▶ What is being asked
Your reply should reproduce each line below exactly and carry none of the pictures.

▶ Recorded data
-----
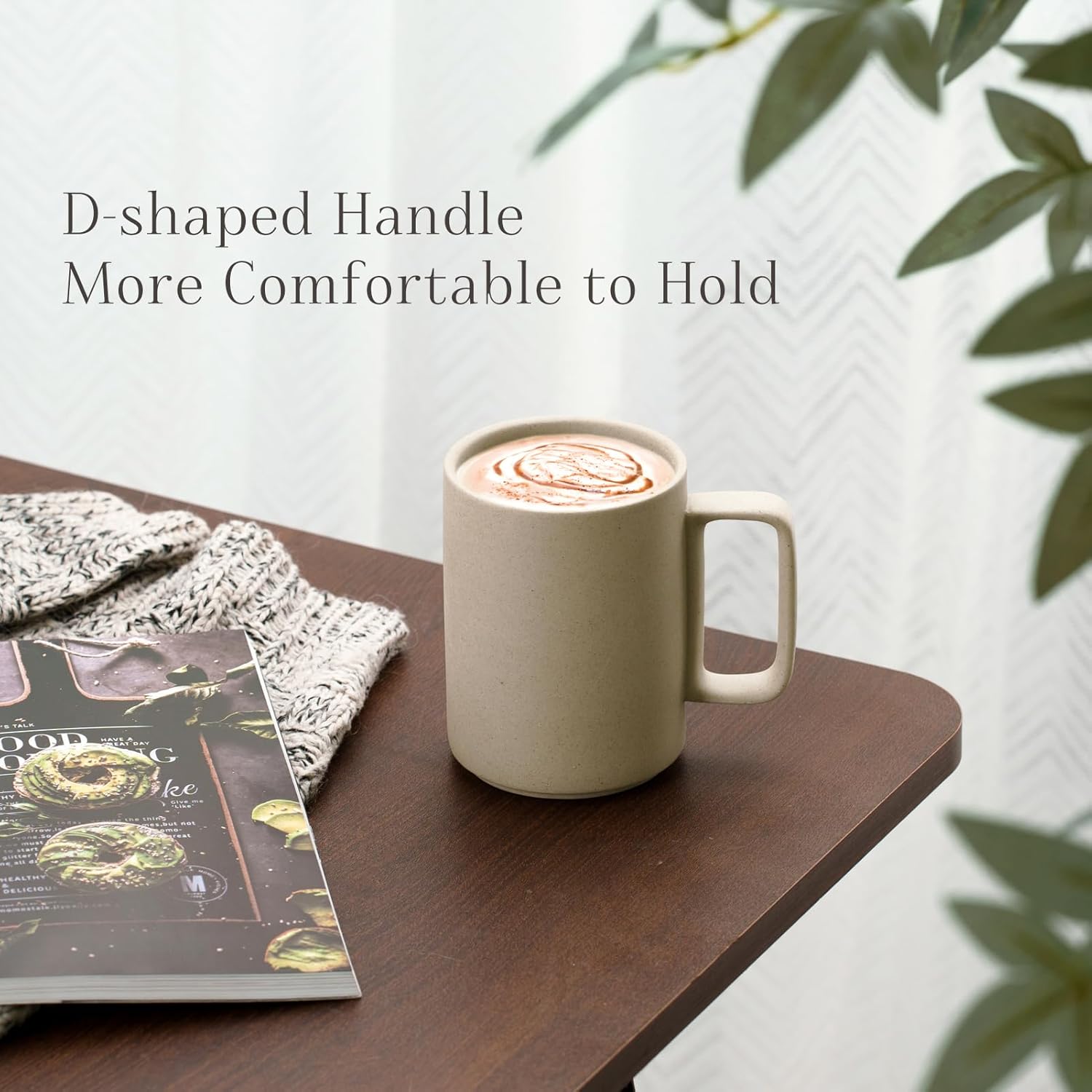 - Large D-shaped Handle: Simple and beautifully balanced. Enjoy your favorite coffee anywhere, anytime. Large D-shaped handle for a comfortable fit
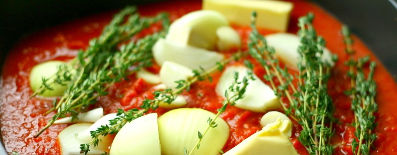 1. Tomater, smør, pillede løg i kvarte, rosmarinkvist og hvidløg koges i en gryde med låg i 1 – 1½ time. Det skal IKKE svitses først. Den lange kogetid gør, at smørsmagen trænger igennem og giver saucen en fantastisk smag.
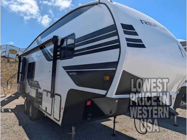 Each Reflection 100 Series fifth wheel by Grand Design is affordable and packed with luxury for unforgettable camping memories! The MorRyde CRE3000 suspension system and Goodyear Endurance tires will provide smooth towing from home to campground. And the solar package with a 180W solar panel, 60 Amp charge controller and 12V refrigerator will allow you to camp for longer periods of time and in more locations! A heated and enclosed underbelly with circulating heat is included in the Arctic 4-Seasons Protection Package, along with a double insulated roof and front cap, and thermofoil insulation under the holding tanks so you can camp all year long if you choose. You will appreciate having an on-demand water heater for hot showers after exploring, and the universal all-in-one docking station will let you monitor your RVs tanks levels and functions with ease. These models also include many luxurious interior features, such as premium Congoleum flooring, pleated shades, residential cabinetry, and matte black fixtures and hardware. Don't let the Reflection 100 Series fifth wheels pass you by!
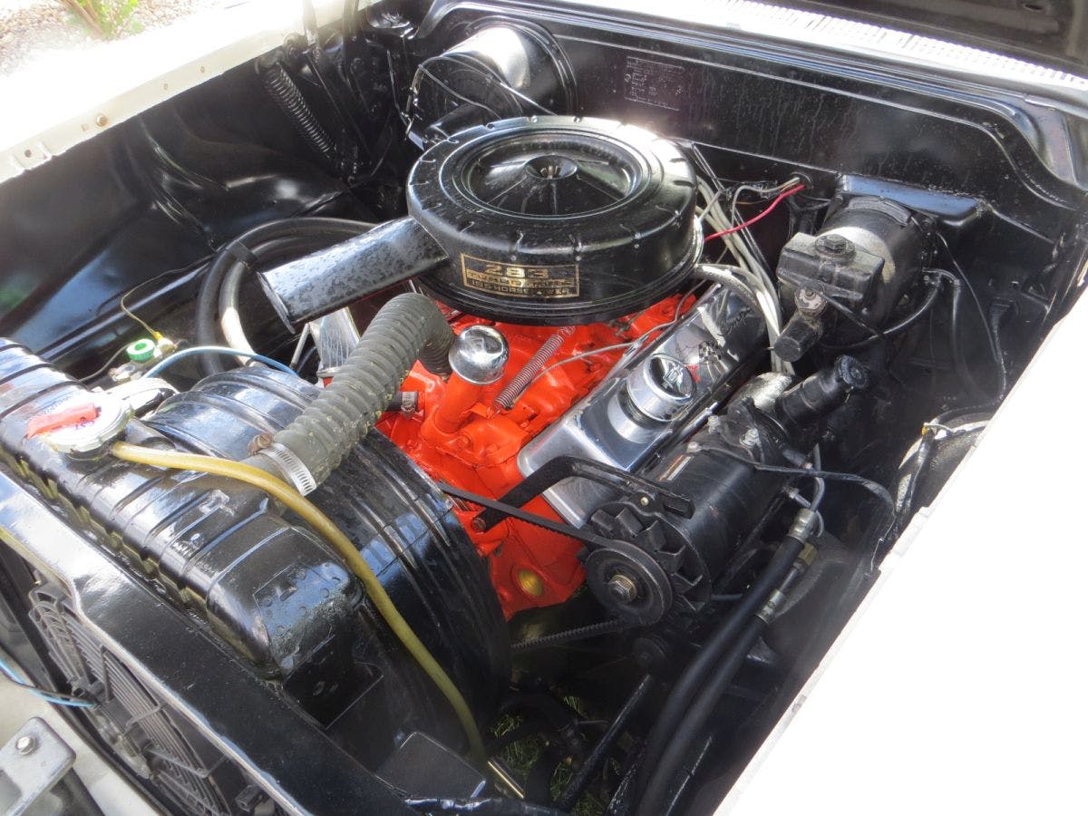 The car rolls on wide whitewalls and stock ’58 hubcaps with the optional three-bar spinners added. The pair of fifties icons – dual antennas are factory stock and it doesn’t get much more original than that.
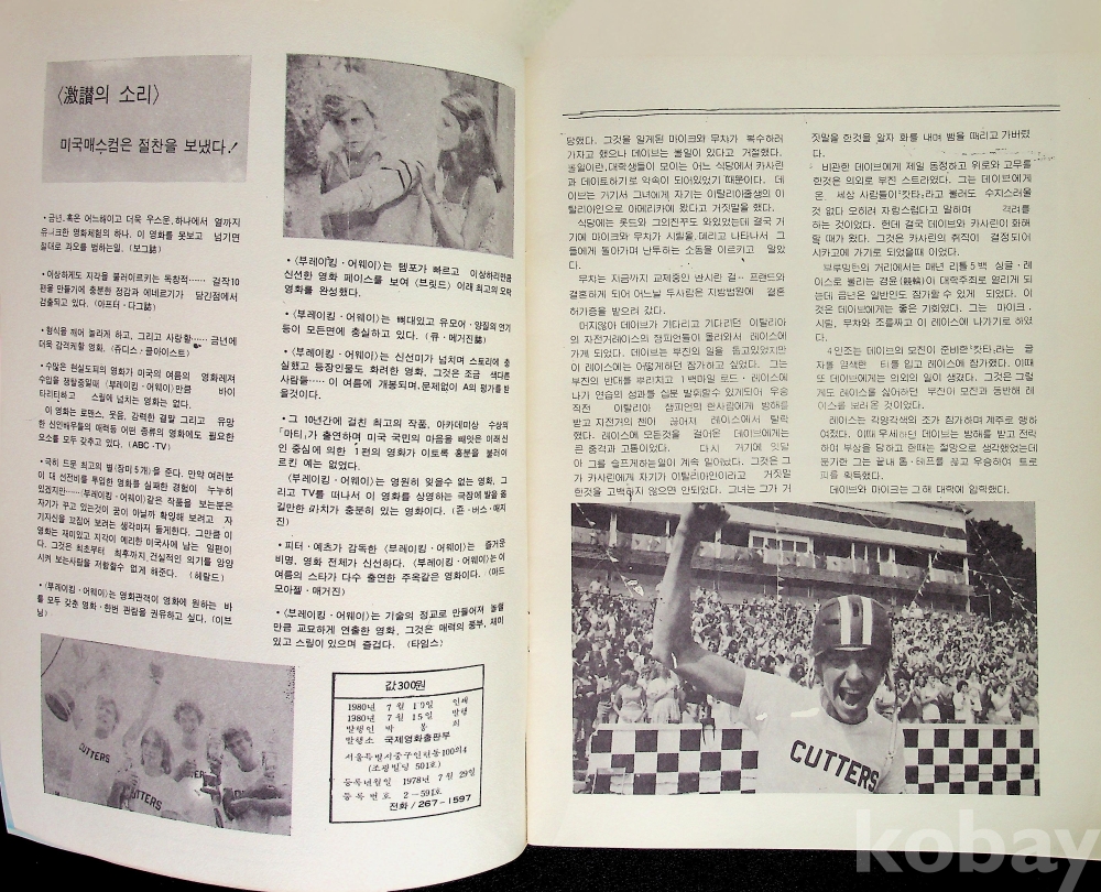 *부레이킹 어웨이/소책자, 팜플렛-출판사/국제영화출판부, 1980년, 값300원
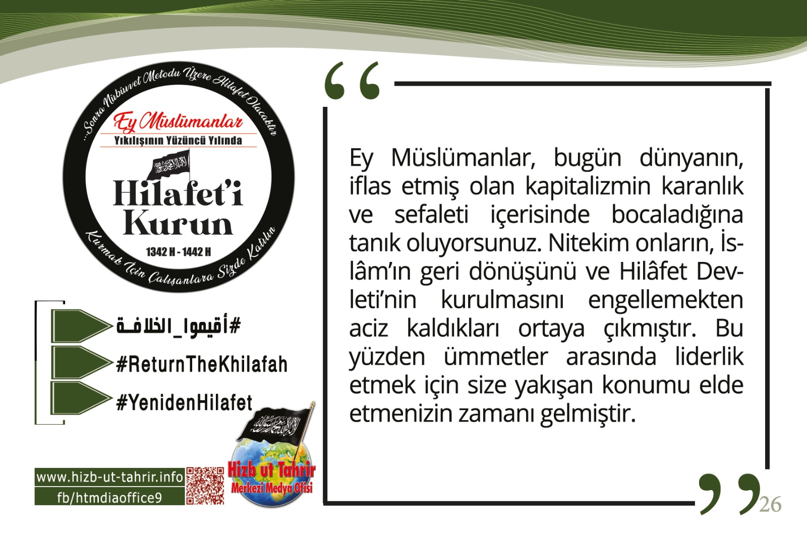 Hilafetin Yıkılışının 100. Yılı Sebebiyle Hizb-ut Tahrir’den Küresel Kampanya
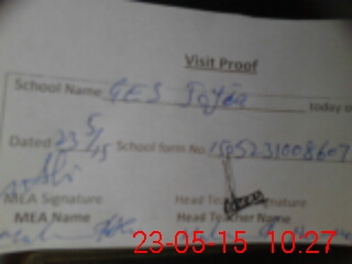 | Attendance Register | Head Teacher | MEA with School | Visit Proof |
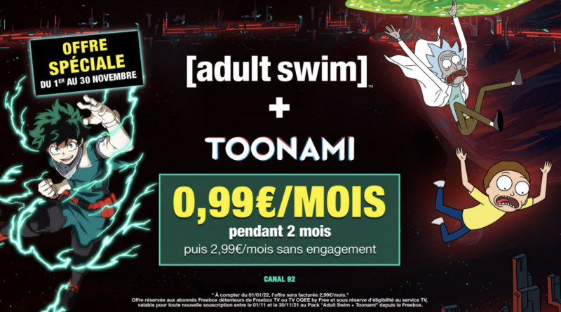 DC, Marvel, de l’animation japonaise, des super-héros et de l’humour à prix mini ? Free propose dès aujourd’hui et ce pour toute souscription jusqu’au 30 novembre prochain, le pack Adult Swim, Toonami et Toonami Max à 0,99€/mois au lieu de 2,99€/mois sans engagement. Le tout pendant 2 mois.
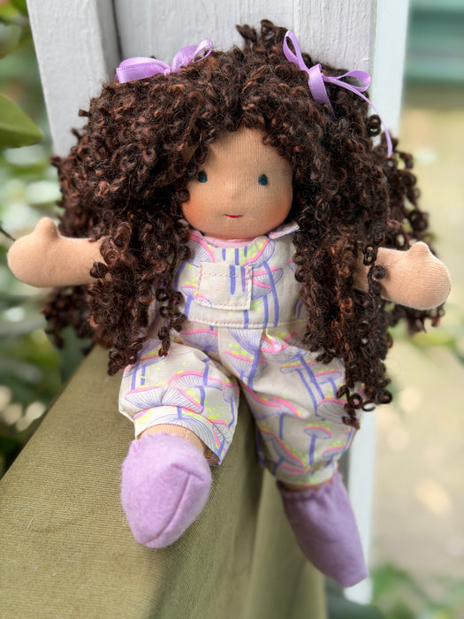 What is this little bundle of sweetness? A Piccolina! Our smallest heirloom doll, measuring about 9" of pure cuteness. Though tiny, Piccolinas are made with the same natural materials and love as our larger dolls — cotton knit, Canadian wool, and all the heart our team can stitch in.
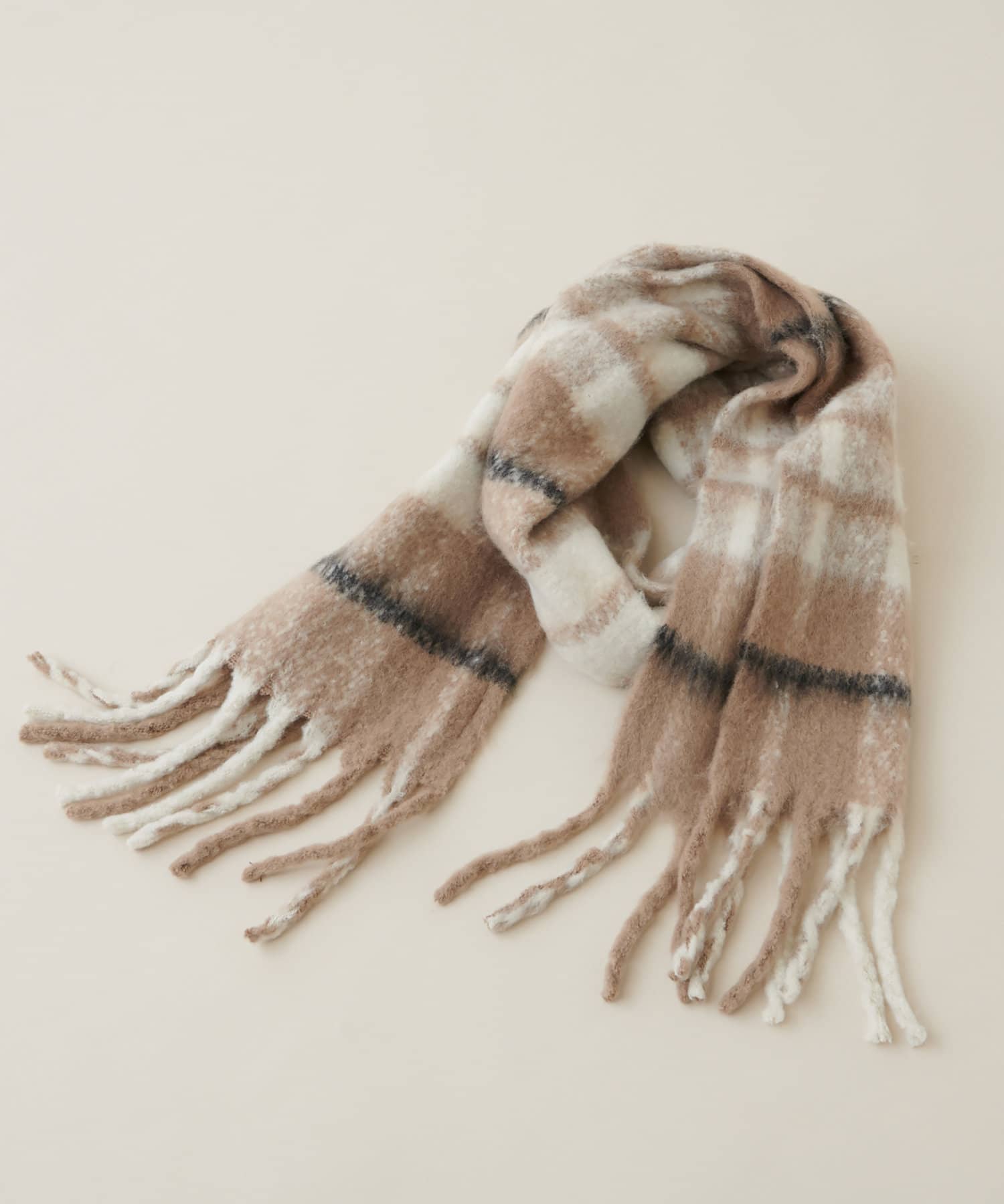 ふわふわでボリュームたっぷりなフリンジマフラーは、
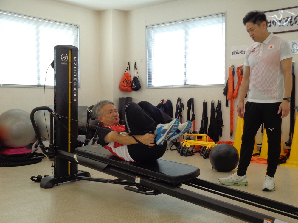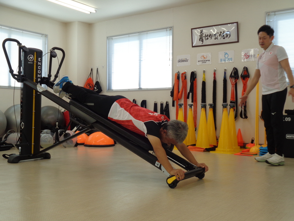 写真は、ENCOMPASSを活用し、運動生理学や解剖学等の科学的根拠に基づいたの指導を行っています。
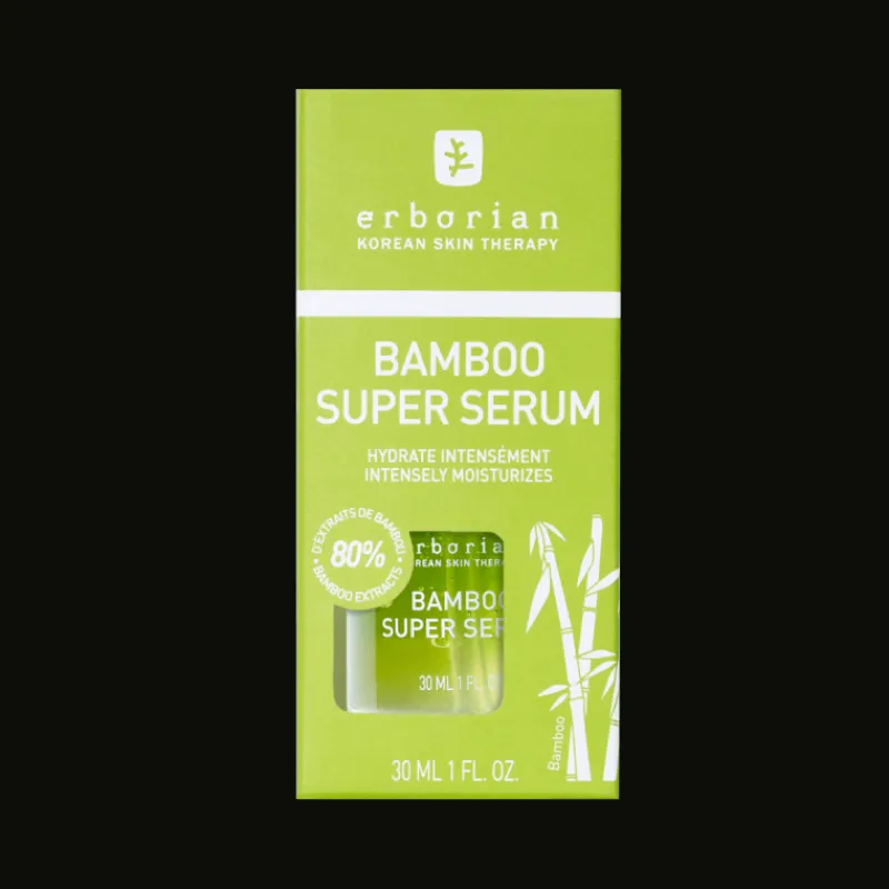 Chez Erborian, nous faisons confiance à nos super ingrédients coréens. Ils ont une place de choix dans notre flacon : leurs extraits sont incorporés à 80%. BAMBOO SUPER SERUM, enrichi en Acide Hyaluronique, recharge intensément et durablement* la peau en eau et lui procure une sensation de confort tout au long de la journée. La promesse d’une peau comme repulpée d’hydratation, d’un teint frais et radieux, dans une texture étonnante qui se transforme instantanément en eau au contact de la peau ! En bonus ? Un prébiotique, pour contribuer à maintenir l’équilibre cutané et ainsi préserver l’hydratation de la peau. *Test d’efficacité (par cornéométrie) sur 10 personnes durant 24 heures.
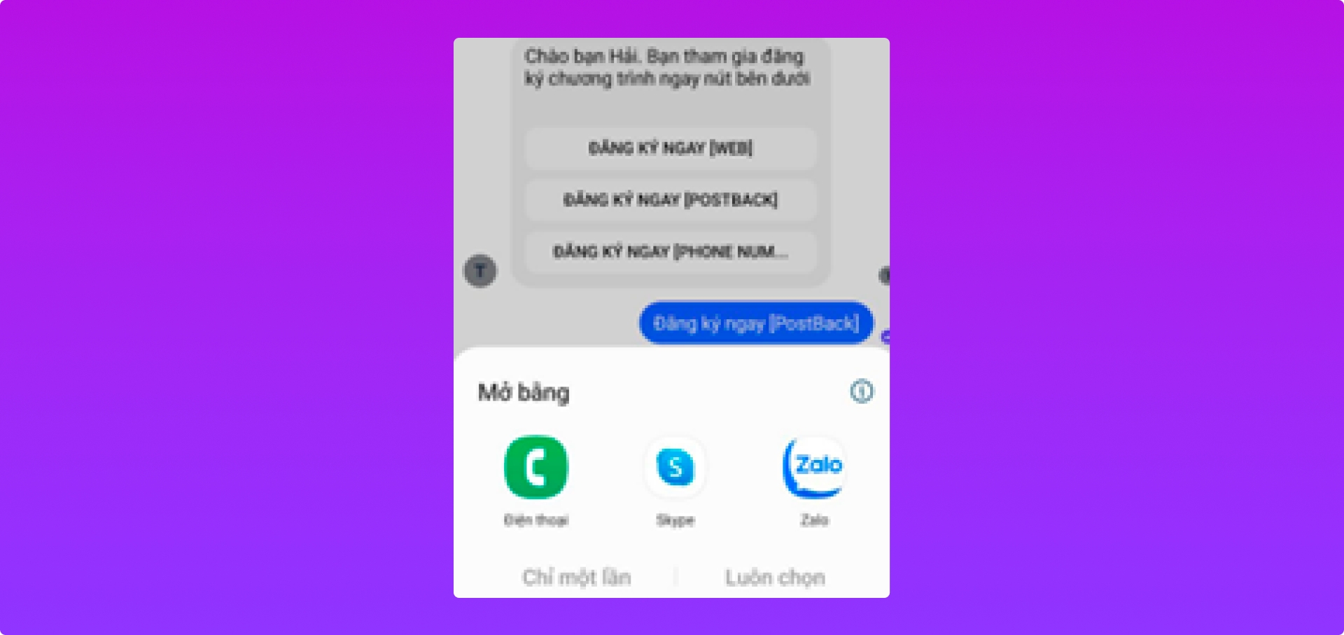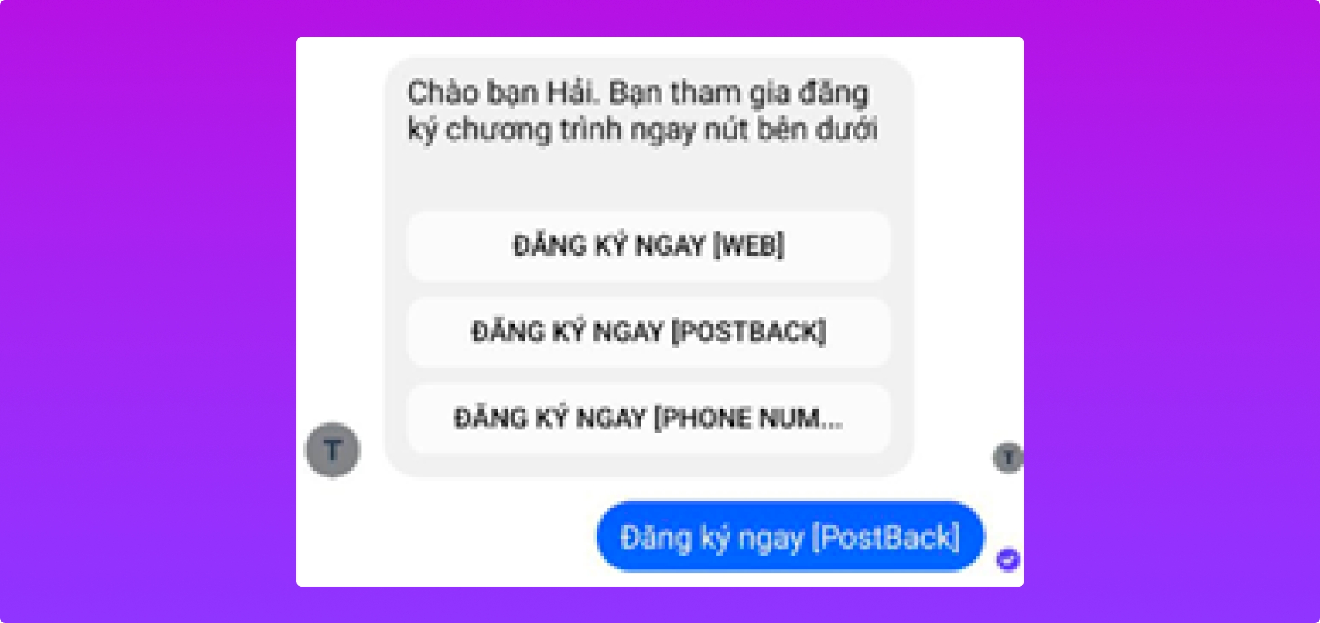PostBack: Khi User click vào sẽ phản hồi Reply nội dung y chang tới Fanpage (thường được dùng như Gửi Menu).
-----
▶ Task result
 - Large D-shaped Handle: Simple and beautifully balanced. Enjoy your favorite coffee anywhere, anytime. Large D-shaped handle for a comfortable fit
 1. Tomater, smør, pillede løg i kvarte, rosmarinkvist og hvidløg koges i en gryde med låg i 1 – 1½ time. Det skal IKKE svitses først. Den lange kogetid gør, at smørsmagen trænger igennem og giver saucen en fantastisk smag.
 Each Reflection 100 Series fifth wheel by Grand Design is affordable and packed with luxury for unforgettable camping memories! The MorRyde CRE3000 suspension system and Goodyear Endurance tires will provide smooth towing from home to campground. And the solar package with a 180W solar panel, 60 Amp charge controller and 12V refrigerator will allow you to camp for longer periods of time and in more locations! A heated and enclosed underbelly with circulating heat is included in the Arctic 4-Seasons Protection Package, along with a double insulated roof and front cap, and thermofoil insulation under the holding tanks so you can camp all year long if you choose. You will appreciate having an on-demand water heater for hot showers after exploring, and the universal all-in-one docking station will let you monitor your RVs tanks levels and functions with ease. These models also include many luxurious interior features, such as premium Congoleum flooring, pleated shades, residential cabinetry, and matte black fixtures and hardware. Don't let the Reflection 100 Series fifth wheels pass you by!
 The car rolls on wide whitewalls and stock ’58 hubcaps with the optional three-bar spinners added. The pair of fifties icons – dual antennas are factory stock and it doesn’t get much more original than that.
 *부레이킹 어웨이/소책자, 팜플렛-출판사/국제영화출판부, 1980년, 값300원
 Hilafetin Yıkılışının 100. Yılı Sebebiyle Hizb-ut Tahrir’den Küresel Kampanya
 | Attendance Register | Head Teacher | MEA with School | Visit Proof |
 DC, Marvel, de l’animation japonaise, des super-héros et de l’humour à prix mini ? Free propose dès aujourd’hui et ce pour toute souscription jusqu’au 30 novembre prochain, le pack Adult Swim, Toonami et Toonami Max à 0,99€/mois au lieu de 2,99€/mois sans engagement. Le tout pendant 2 mois.
 What is this little bundle of sweetness? A Piccolina! Our smallest heirloom doll, measuring about 9" of pure cuteness. Though tiny, Piccolinas are made with the same natural materials and love as our larger dolls — cotton knit, Canadian wool, and all the heart our team can stitch in.
 ふわふわでボリュームたっぷりなフリンジマフラーは、
 写真は、ENCOMPASSを活用し、運動生理学や解剖学等の科学的根拠に基づいたの指導を行っています。
 Chez Erborian, nous faisons confiance à nos super ingrédients coréens. Ils ont une place de choix dans notre flacon : leurs extraits sont incorporés à 80%. BAMBOO SUPER SERUM, enrichi en Acide Hyaluronique, recharge intensément et durablement* la peau en eau et lui procure une sensation de confort tout au long de la journée. La promesse d’une peau comme repulpée d’hydratation, d’un teint frais et radieux, dans une texture étonnante qui se transforme instantanément en eau au contact de la peau ! En bonus ? Un prébiotique, pour contribuer à maintenir l’équilibre cutané et ainsi préserver l’hydratation de la peau. *Test d’efficacité (par cornéométrie) sur 10 personnes durant 24 heures.
PostBack: Khi User click vào sẽ phản hồi Reply nội dung y chang tới Fanpage (thường được dùng như Gửi Menu).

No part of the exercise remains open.